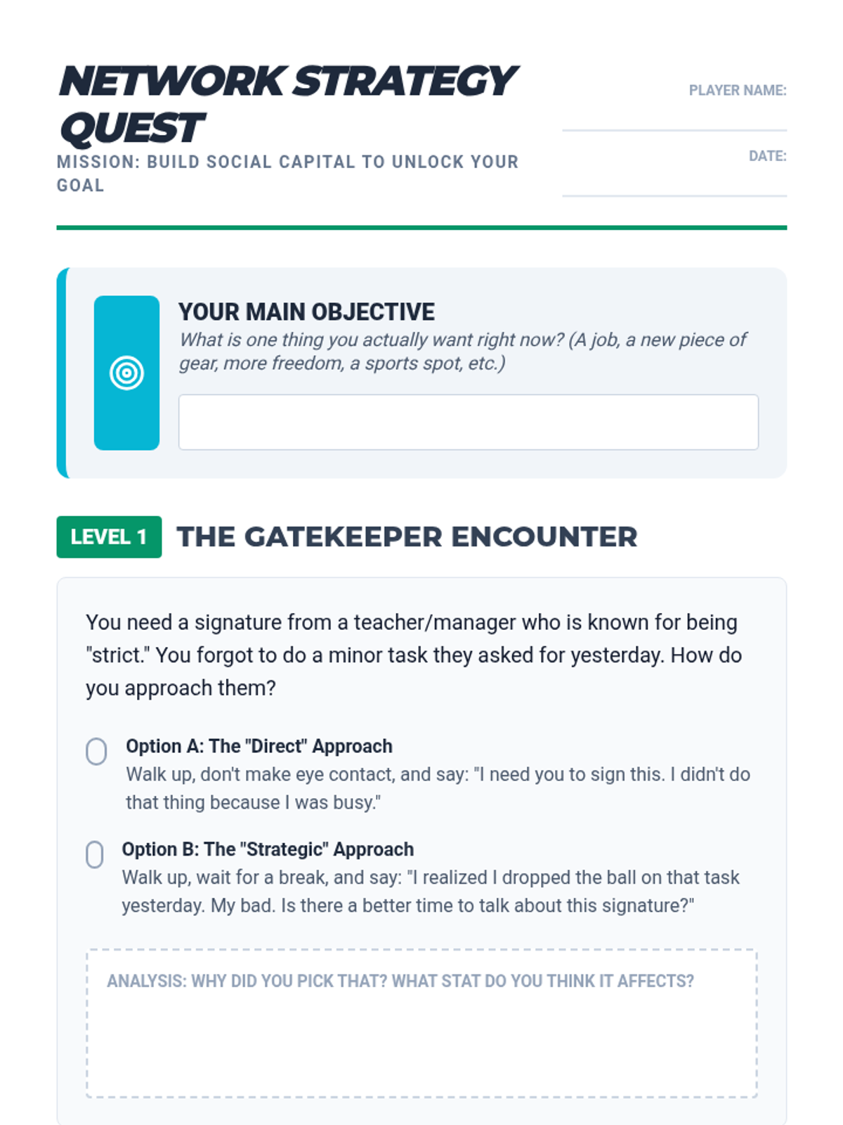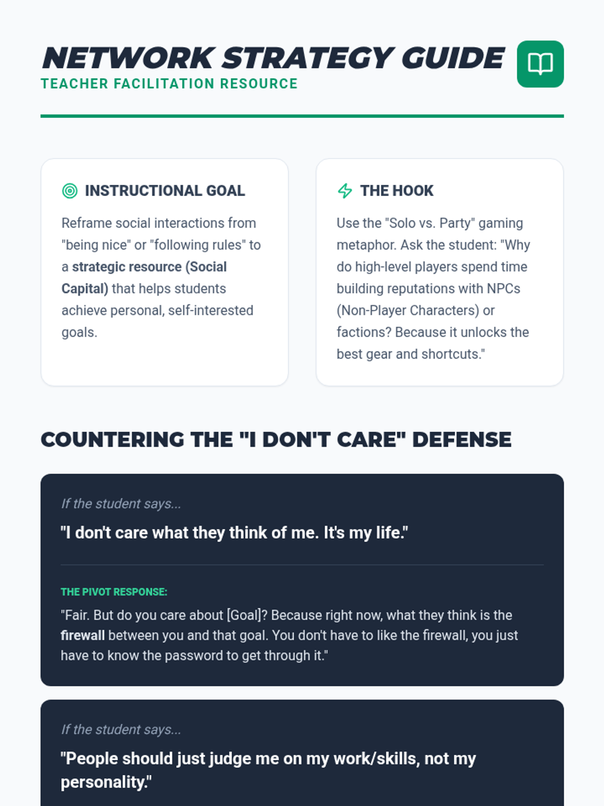 A high-impact lesson for students who may be skeptical of social norms, reframing social relationships as a strategic 'Social Capital' that helps unlock personal goals and shortcuts in life.
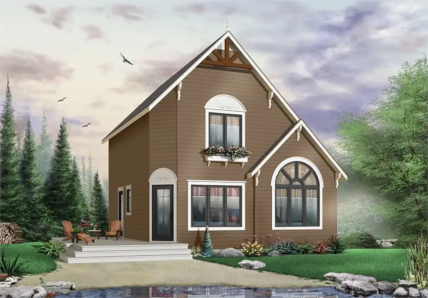 This cottage style plan is the key to simple yet elegant living. Standing 2-stories high, this 1,295 square foot home has been designed to incorporate a reduced footprint, making it extremely versatile and able to be built on virtually any lot size. Not only does this home offer 2 bedrooms and 2 full bathrooms, it has also been modeled to incorporate an open and functional layout. An inviting front façade brings you on to the front patio and inside. The entryway spills in to an open kitchen, dining room, and 2-story vaulted living room, all bathed in natural light thanks to the large windows that adorn the walls of this home. A first floor bedroom and accessible full bath is a great option for a guest bedroom or office, while the second floor bedroom and bathroom is private enough to function as the master suite. A private sitting area on the second floor creates yet another inviting space within this home, while the overlook down on to the family room below gives the area an inclusive feeling all around.
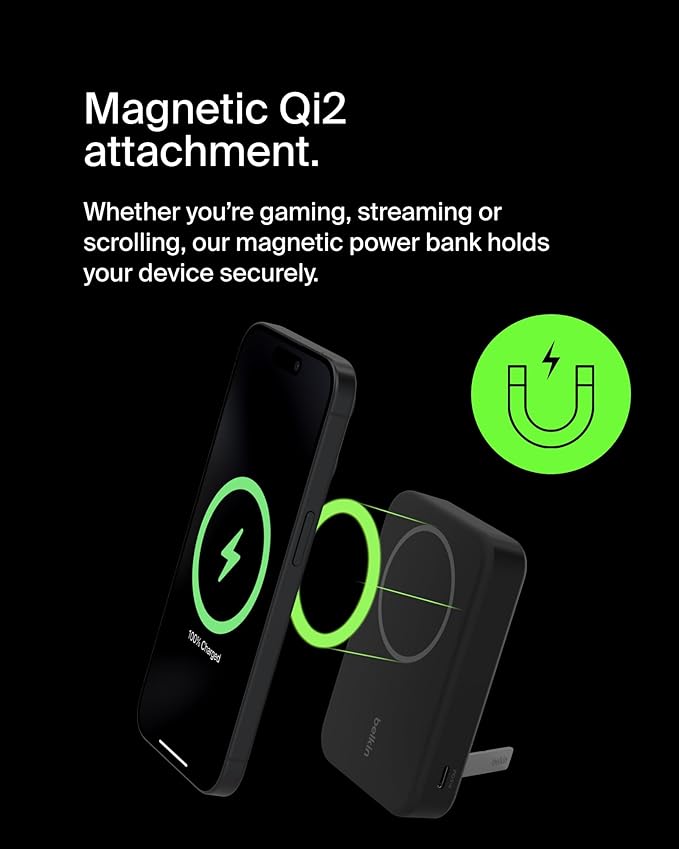 Belkin Portable Charger, Wireless Power Bank 15W 10000 mAh w/ Qi2, MagSafe Charger + Built-in Pop-up Kickstand - iPhone 17, Air, Pro, Pro Max, AirPods, Apple Watch, Google Pixel 10, etc. - Black
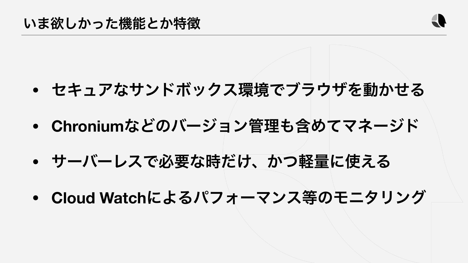͍·ཉ͔ͬͨ͠ػೳͱ͔ಛ • ηΩϡΞͳαϯυϘοΫεڥͰϒϥβΛಈ͔ͤΔ • ChroniumͳͲͷόʔδϣϯཧؚΊͯϚωʔδυ • αʔόʔϨεͰඞཁͳ͚࣌ͩɺ͔ͭܰྔʹ͑Δ • Cloud WatchʹΑΔύϑΥʔϚϯεͷϞχλϦϯά
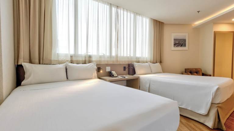 Die Zimmer verfügen über eine Klimaanlage, ein Doppelbett, einen Safe, eine Minibar, einen Fernseher, eine Tee-/Kaffeemaschine sowie ein eigenes Badezimmer mit Dusche und Badewanne. Auch rollstuhlgerechte Zimmer sind verfügbar. Zu den Annehmlichkeiten gehören ein Wecker, ein Radio, ein DVD-Player und kostenfreies WiFi.
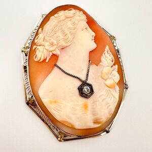 Antique Hand Carved Shell Cameo Habillé Brooch/Pendant 14k/10k Filigree Diamond
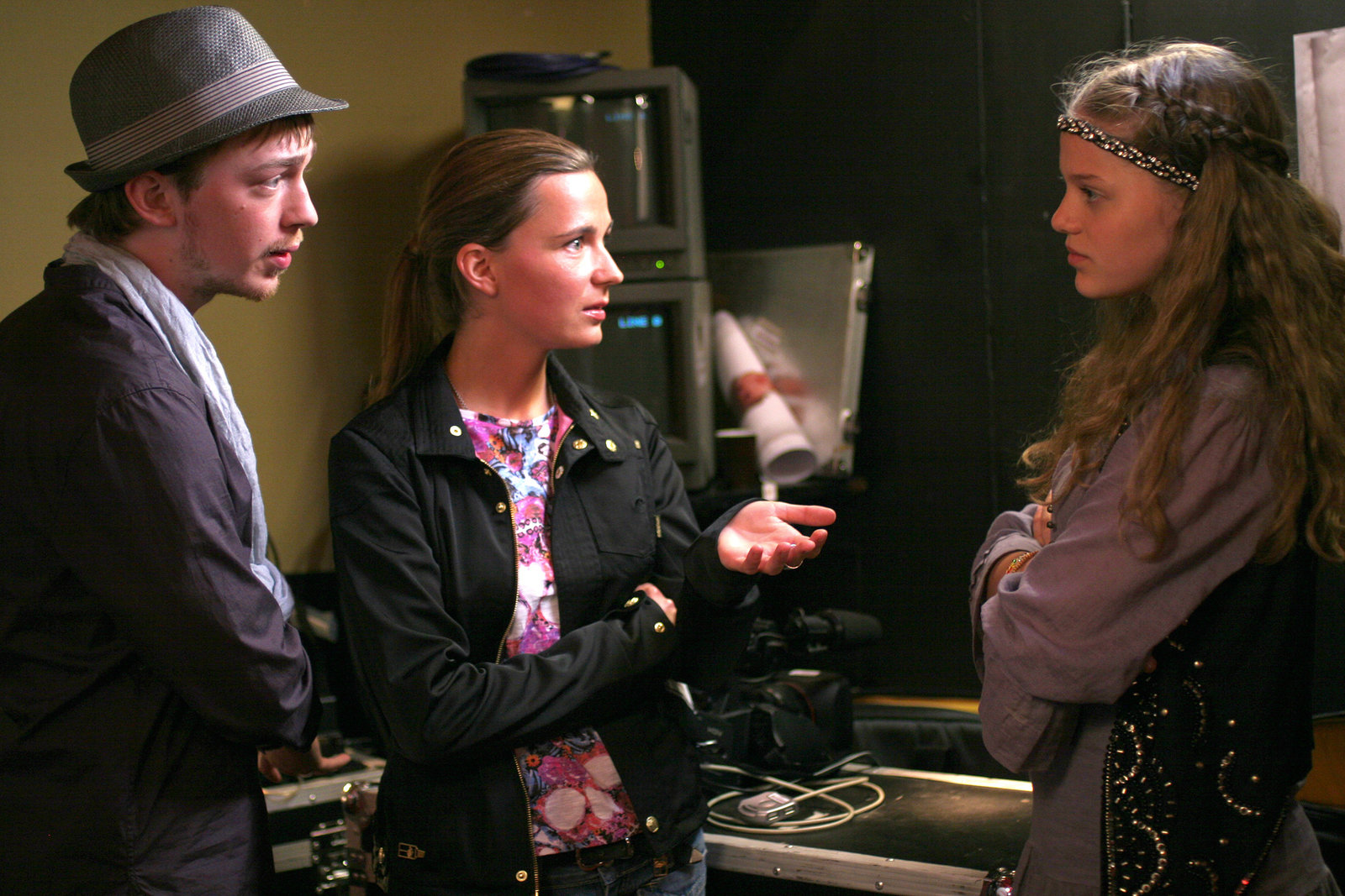 Endlich Ferien?ARD/NDR EMMAS CHATROOM, FOLGE 21, "Endlich Ferien?", am Sonntag (28.12.14) um 05:55 Uhr im ERSTEN. v.l.n.r.: Trotz aller Schwierigkeiten stehen Emma (Sophie Karbjinski), Ally (Marny Kennedy) und Jackie (Charlotte Nicdao) pünktlich auf der Bühne.Bild: © NDR/Southern Star
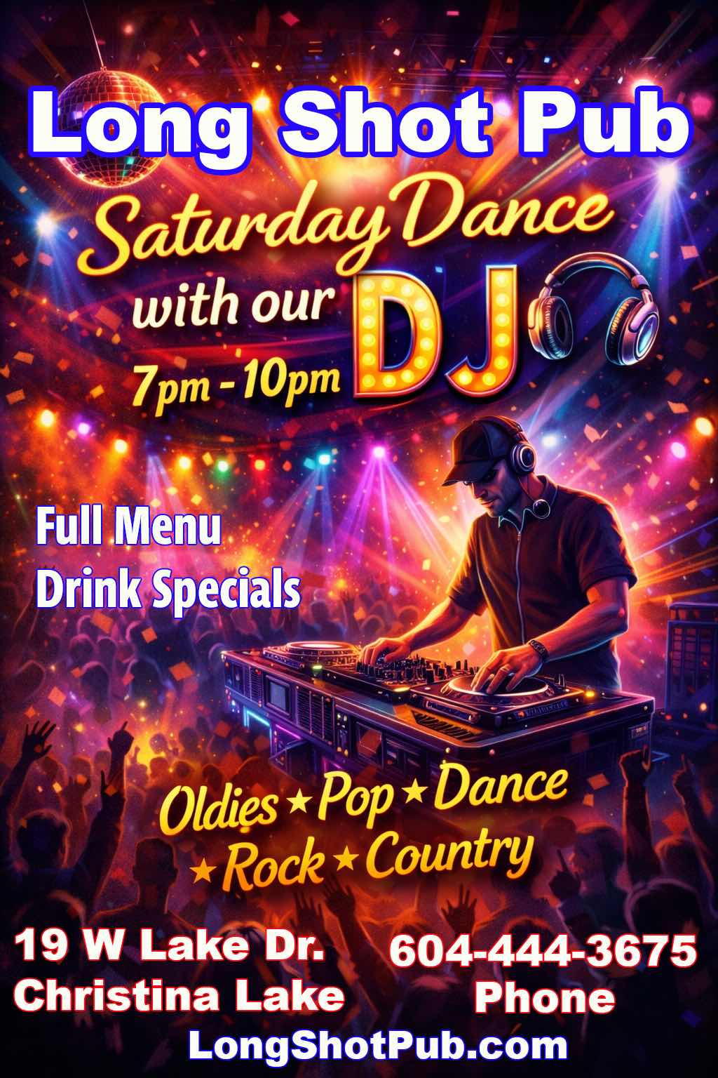 Enjoy your Saturday Night with a cold one or a flavoured cocktail while you dance the night away with Bazinga DJ spinning songs from the 1950s through to the Top 40, Country, Rock & Pop. Make your request!
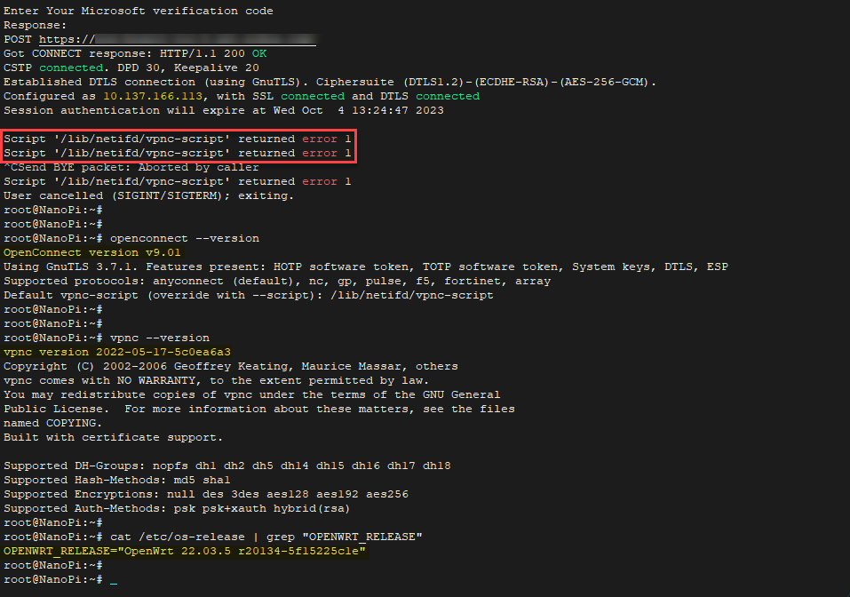 I'm trying to connect to a VPN server using the OpenConnect via CLI, but I'm getting an error related to the VPNC:

====

§ **Your instructions**: Only the lines from the one containing "Enjoy your Saturday" through the final line of the listing should be reproduced, exactly and with no pictures.

§ **Exercise output**:
 Enjoy your Saturday Night with a cold one or a flavoured cocktail while you dance the night away with Bazinga DJ spinning songs from the 1950s through to the Top 40, Country, Rock & Pop. Make your request!
 I'm trying to connect to a VPN server using the OpenConnect via CLI, but I'm getting an error related to the VPNC:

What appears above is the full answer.